◆ WHAT THE TASK REQUIRES: Output, exactly as written, the lines below starting at the line containing "映射在利润表则是信用减值损失" and ending at the line containing "Basit İnci İnce Tel Küpeler - Krem/Gümüş". Drop the pictures and keep both end lines.

Stored records
------------------------------------------------------------

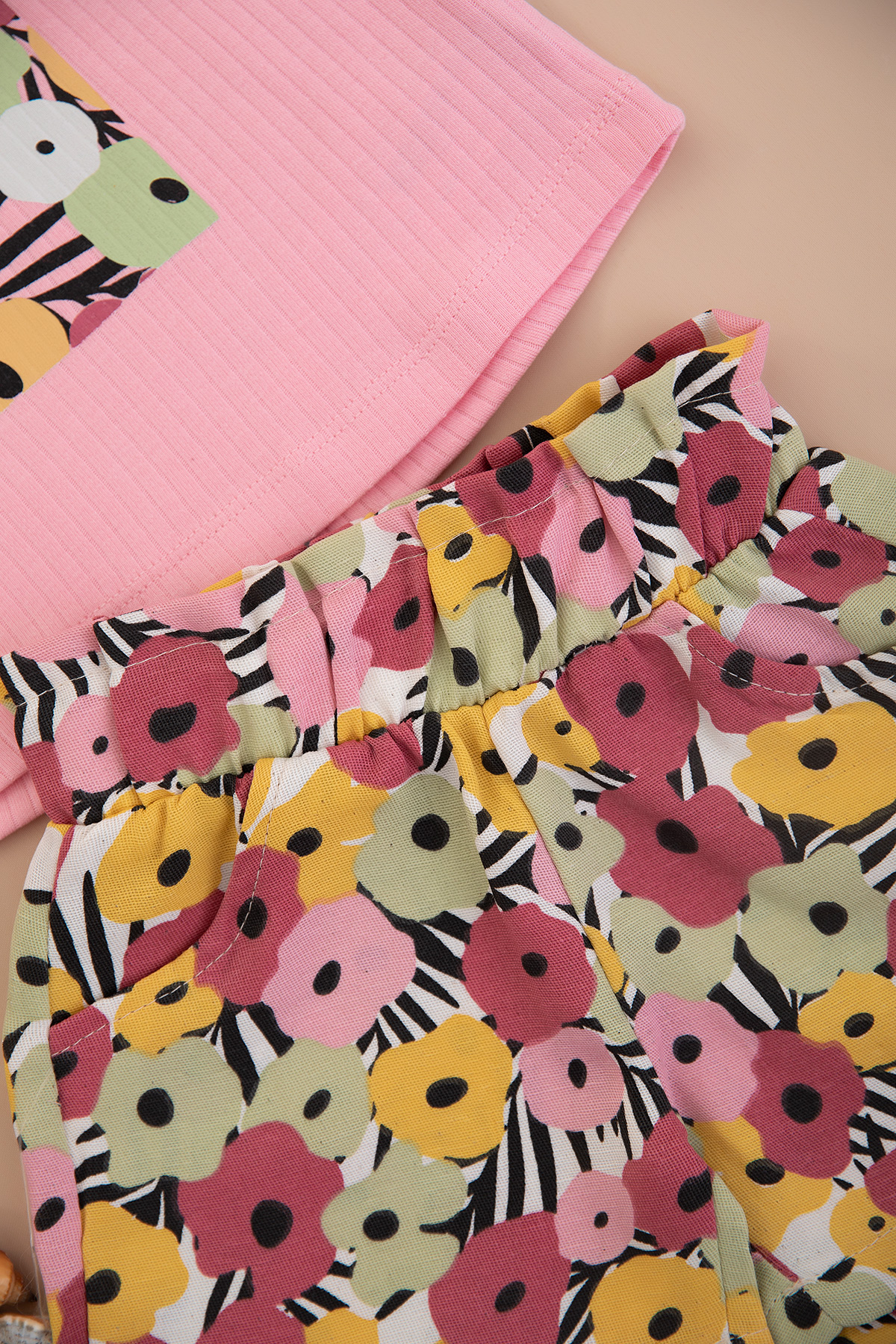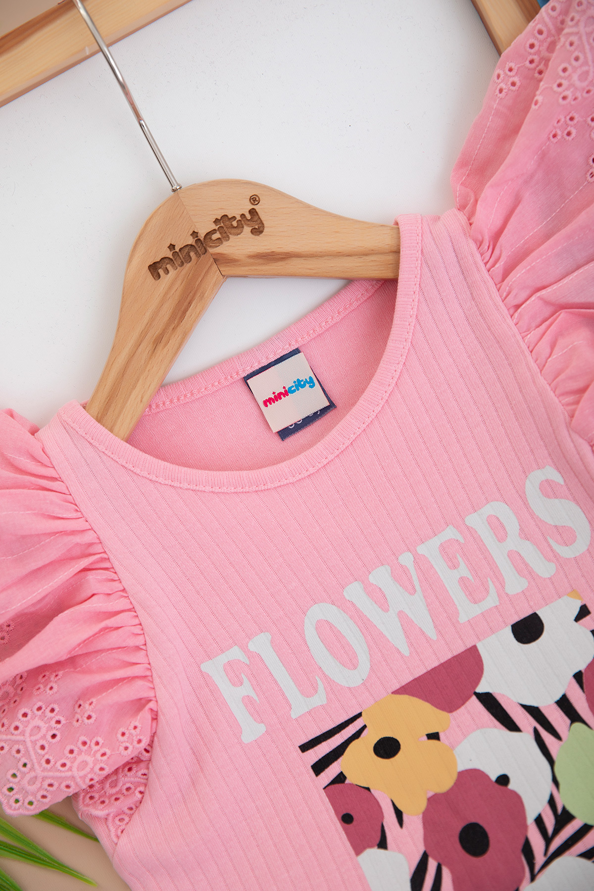 Kız Çocuk Kolu Güpürlü Şortlu Takım - 24384 (3-6 Yaş)
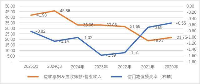 映射在利润表则是信用减值损失率(信用减值损失/营业收入),2023年为峰值1.59%的水平,2024年1.02%,2025年三季度进一步好转,降至0.82%。
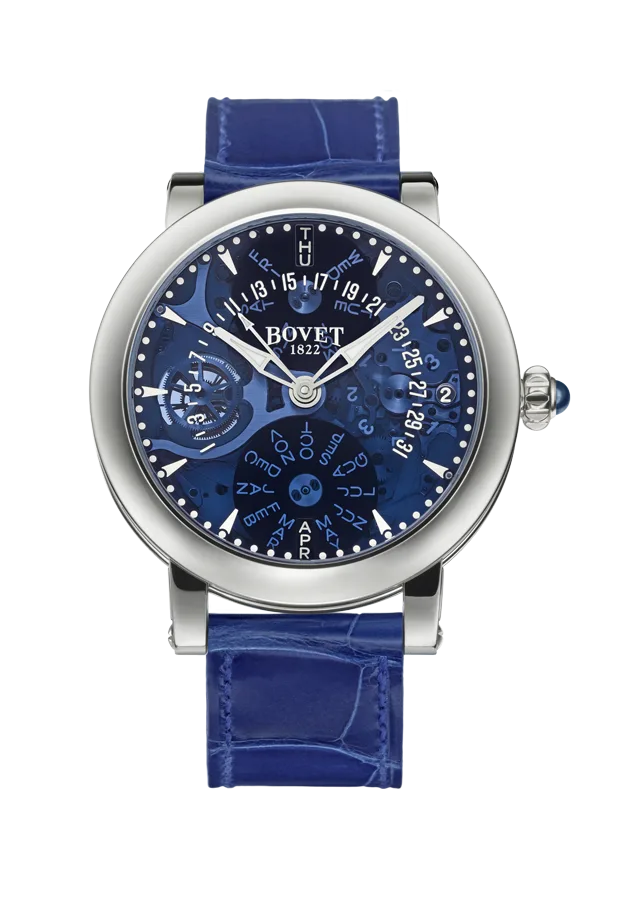 Bovet’s in-house manual-wind Calibre 13DM05-QPR delivers an exemplary 140h power reserve from a single barrel, beating at 21,600vph (3 Hz). Its patented double coaxial seconds mechanism and finely hand-finished components further showcase Bovet’s technical prowess.
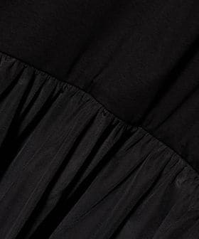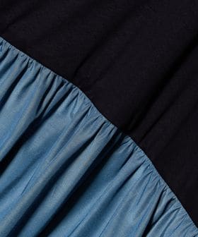 スカート部分は、光沢感のあるタテ糸と綿を組み合わせ、張りとやわらかさを両立した素材。
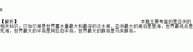 B 【解析】本题主要考查的是亚洲的相关知识。贝加尔湖是世界蓄水量最大和最深的淡水湖,亚洲最大的湖泊是里海,世界最低点是死海,世界最大的半岛是阿拉伯半岛,世界最大的群岛是马来群岛。
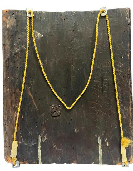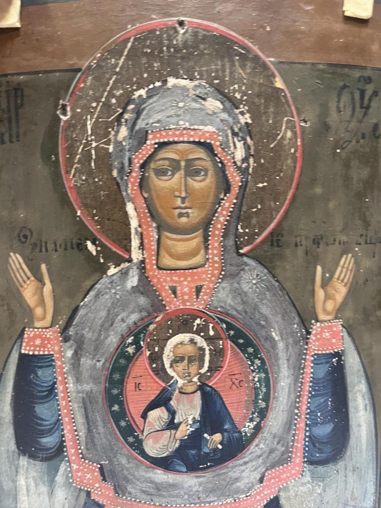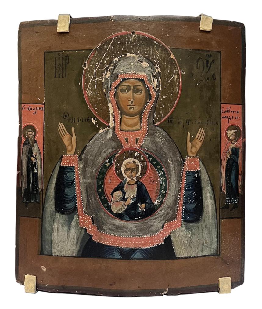 Pravoslavná ikona vyobrazující Matku Boží v pozici oranta se zobrazením Ježíše Krista v kruhu na její hrudi. V malbě se nachází několik škrábanců v oblasti hlavy Panny Marie, Ježíše a tváře postavy na pravé straně, viz foto. Rozměry 27 x 30 cm. Hloubka 5 cm.
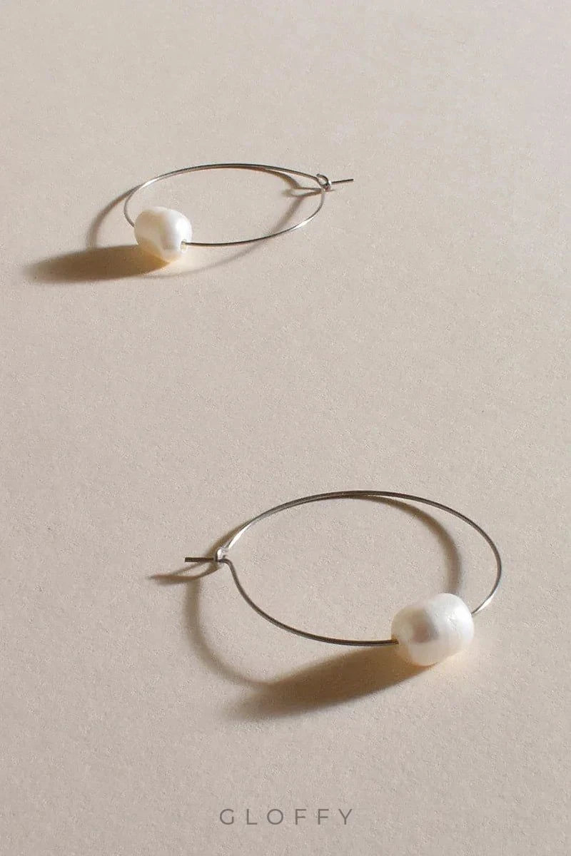 Basit İnci İnce Tel Küpeler - Krem/Gümüş
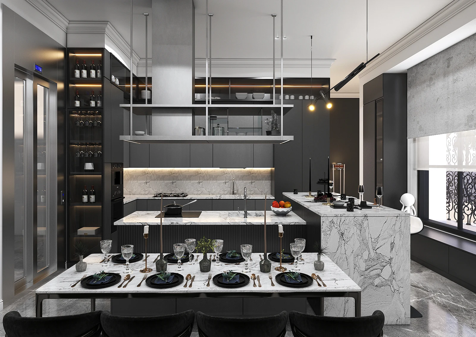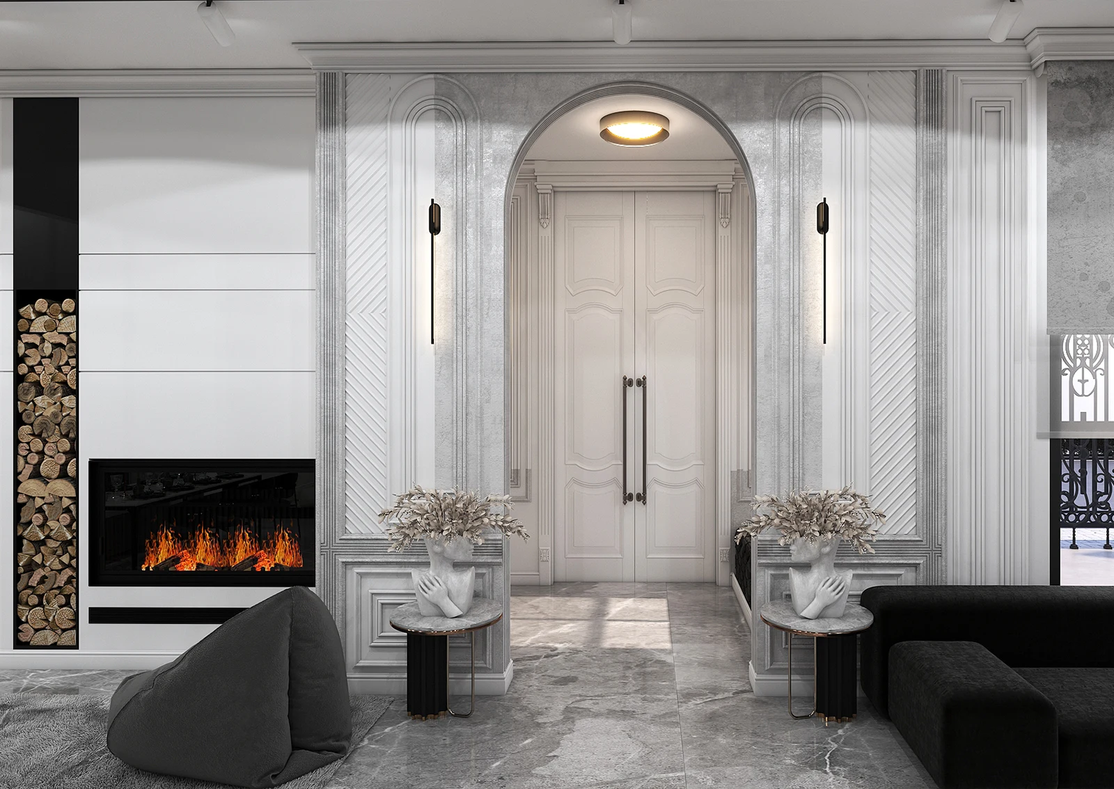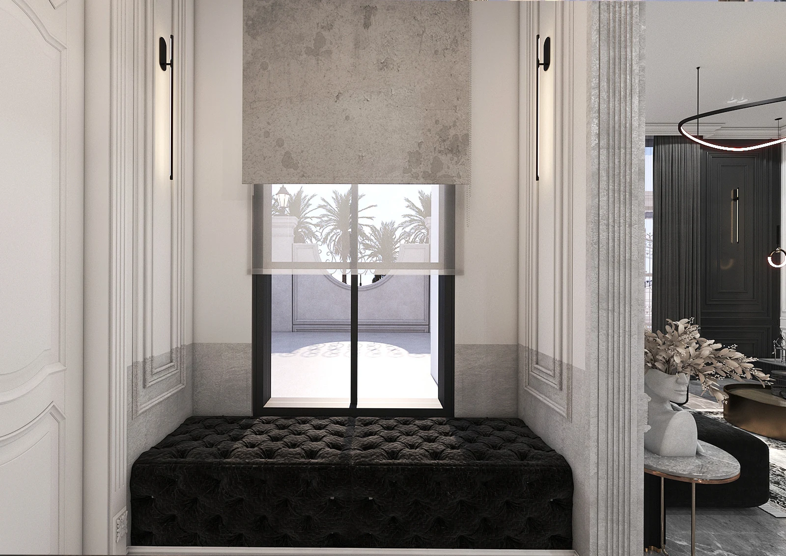 The soft sound of your shoes on the gray marble echoes in the silence of the space like a soft whisper. The wall light on either side of the arched white doors, like two silent musicians, guides you forward. The frames, the stucco, all with a classical precision and modern dignity, remind you of Parisian architecture but with a contemporary spirit.

------------------------------------------------------------

◆ WRITTEN RESPONSE:
 映射在利润表则是信用减值损失率(信用减值损失/营业收入),2023年为峰值1.59%的水平,2024年1.02%,2025年三季度进一步好转,降至0.82%。
 Bovet’s in-house manual-wind Calibre 13DM05-QPR delivers an exemplary 140h power reserve from a single barrel, beating at 21,600vph (3 Hz). Its patented double coaxial seconds mechanism and finely hand-finished components further showcase Bovet’s technical prowess.
 スカート部分は、光沢感のあるタテ糸と綿を組み合わせ、張りとやわらかさを両立した素材。
 B 【解析】本题主要考查的是亚洲的相关知识。贝加尔湖是世界蓄水量最大和最深的淡水湖,亚洲最大的湖泊是里海,世界最低点是死海,世界最大的半岛是阿拉伯半岛,世界最大的群岛是马来群岛。
 Pravoslavná ikona vyobrazující Matku Boží v pozici oranta se zobrazením Ježíše Krista v kruhu na její hrudi. V malbě se nachází několik škrábanců v oblasti hlavy Panny Marie, Ježíše a tváře postavy na pravé straně, viz foto. Rozměry 27 x 30 cm. Hloubka 5 cm.
 Basit İnci İnce Tel Küpeler - Krem/Gümüş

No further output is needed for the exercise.